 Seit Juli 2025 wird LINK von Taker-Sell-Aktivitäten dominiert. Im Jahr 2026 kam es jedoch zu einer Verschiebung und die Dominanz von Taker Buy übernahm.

==

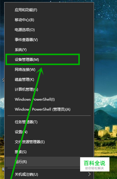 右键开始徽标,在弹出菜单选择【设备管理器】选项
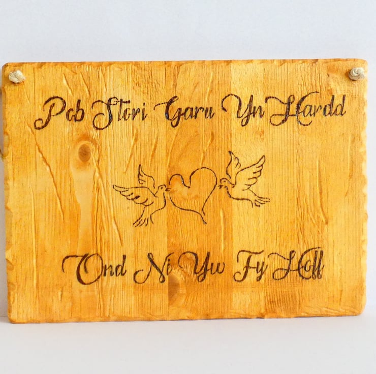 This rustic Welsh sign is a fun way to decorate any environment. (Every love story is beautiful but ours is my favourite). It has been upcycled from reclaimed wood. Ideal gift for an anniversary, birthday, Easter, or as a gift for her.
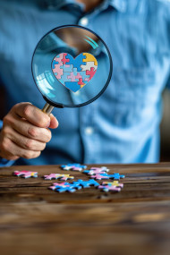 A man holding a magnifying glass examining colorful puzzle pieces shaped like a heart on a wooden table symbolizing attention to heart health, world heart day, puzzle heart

## TASK DESCRIPTION
In the records above, find the line with "This rustic Welsh" and the line with "A man holding". Write out exactly those lines and every one between, with no pictures and no other lines.

## SOLUTION
 This rustic Welsh sign is a fun way to decorate any environment. (Every love story is beautiful but ours is my favourite). It has been upcycled from reclaimed wood. Ideal gift for an anniversary, birthday, Easter, or as a gift for her.
 A man holding a magnifying glass examining colorful puzzle pieces shaped like a heart on a wooden table symbolizing attention to heart health, world heart day, puzzle heart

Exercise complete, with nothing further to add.